Kfold is a method used to split the data into many groups, each time setting one of the groups as a test set, whilst the others are set to be training sets.  This is repeated untill all groups are used as test sets for one time.

This is done to maximise training and validation without compromising the validitiy of the test set.

In [None]:
gkf=KFold(n_splits=5,shuffle=True,random_state=42).split(X_train, Y_train)

**Step 7: Set up Training and Validation datasets in the format used in lightGBM**

In [None]:
# setting up training and validation data so that they can be read by the lightgbm module
train_data = lightgbm.Dataset(X_train, label = Y_train)
valid_data = lightgbm.Dataset(X_valid, label = Y_valid)

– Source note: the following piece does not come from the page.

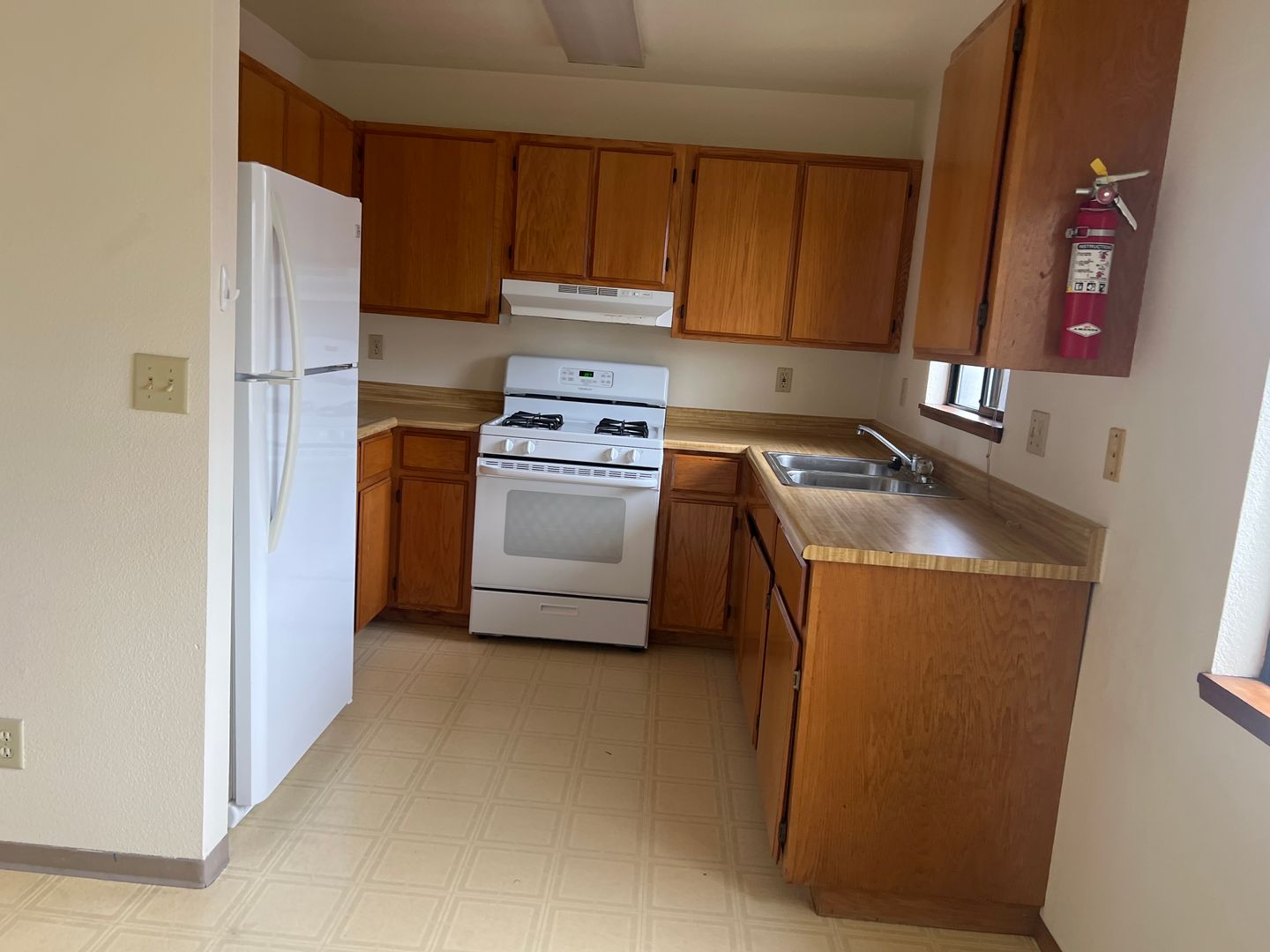 Kitchen includes stove, refrigerator, space for a table

**Step 8: Setting up metrics for evaluation for the gridsearch minimization function**

This was done by exploiting the SHAP value metric function which gives the importance of certain features to an AI model (in this case the LightGBM multiclass classifier).  This shall be done in an effort to reduce the importance of these two columns for the required prediction, resultin in more ethically correct AI based prediticions.

In [None]:
# Define a function to calculate the minimum SHAP value
def shap_columns_metric(y_true, y_pred):
    # Calculate SHAP values for the model predictions
    explainer = shap.Explainer(model_lgbm)
    shap_values = explainer.shap_values(X_train)

    # Get the column indices for the two columns you want to minimize SHAP values for
    encoded_Race_index = X_train.columns.get_loc("encoded_Race")
    encoded_Gender_index = X_train.columns.get_loc("encoded_Gender")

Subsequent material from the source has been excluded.